- _Data shown_
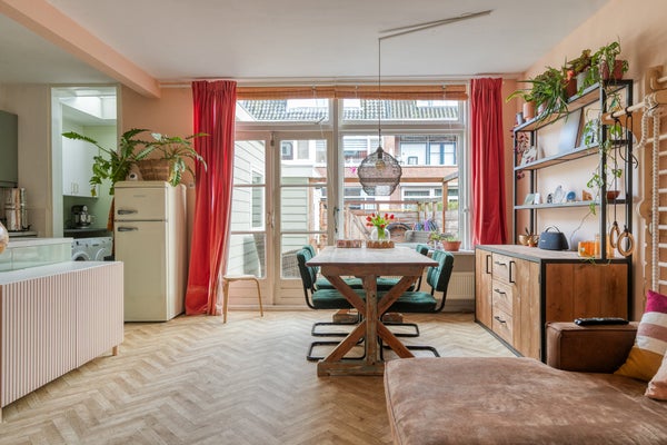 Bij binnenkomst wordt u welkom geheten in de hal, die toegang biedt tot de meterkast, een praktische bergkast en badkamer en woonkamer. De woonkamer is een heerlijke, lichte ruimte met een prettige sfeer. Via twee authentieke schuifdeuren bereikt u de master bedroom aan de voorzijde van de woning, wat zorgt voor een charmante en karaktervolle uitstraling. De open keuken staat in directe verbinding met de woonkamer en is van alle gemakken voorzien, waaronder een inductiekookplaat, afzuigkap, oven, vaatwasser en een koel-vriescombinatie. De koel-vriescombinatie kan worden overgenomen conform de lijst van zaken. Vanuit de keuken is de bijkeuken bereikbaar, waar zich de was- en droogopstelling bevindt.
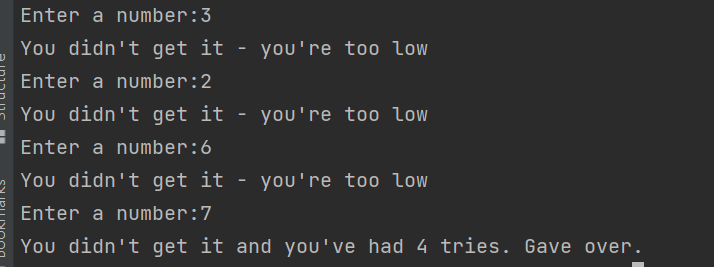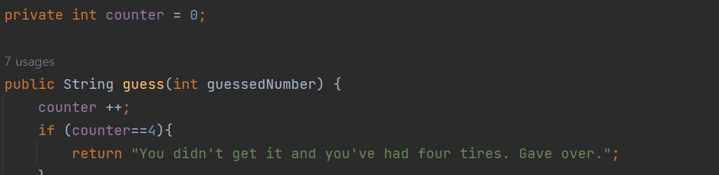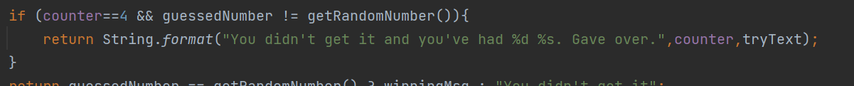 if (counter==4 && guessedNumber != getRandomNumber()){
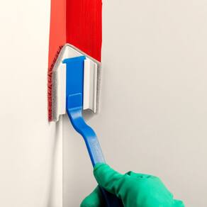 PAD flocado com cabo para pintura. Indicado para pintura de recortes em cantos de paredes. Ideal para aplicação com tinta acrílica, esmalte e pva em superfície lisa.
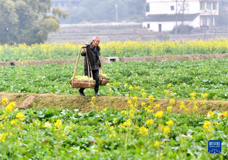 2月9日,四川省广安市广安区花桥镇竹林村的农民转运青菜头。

...

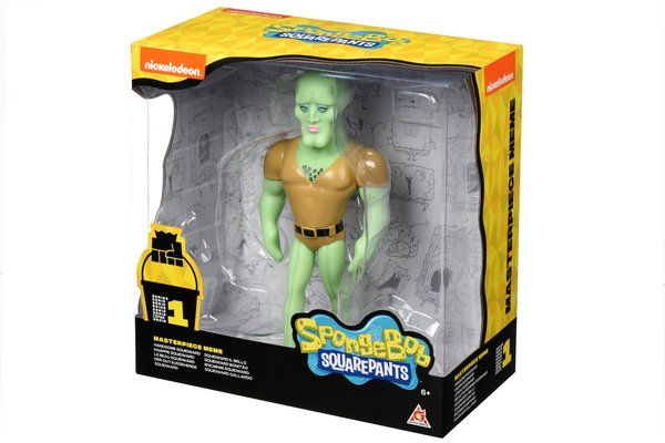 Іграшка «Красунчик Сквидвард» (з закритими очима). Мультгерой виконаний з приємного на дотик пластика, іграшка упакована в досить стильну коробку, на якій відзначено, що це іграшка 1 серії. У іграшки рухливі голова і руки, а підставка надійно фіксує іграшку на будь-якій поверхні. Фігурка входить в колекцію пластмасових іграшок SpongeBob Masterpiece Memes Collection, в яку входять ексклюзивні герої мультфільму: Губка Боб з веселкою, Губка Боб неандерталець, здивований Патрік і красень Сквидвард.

- _Task goal_
I'd like the lines above repeated exactly, from the one that contains "if (counter==4 &&" through the one that contains "2月9日,四川省广安市广安区花桥镇竹林村的农民转运青菜头。", with no pictures.

- _Answer section_
 if (counter==4 && guessedNumber != getRandomNumber()){
 PAD flocado com cabo para pintura. Indicado para pintura de recortes em cantos de paredes. Ideal para aplicação com tinta acrílica, esmalte e pva em superfície lisa.
 2月9日,四川省广安市广安区花桥镇竹林村的农民转运青菜头。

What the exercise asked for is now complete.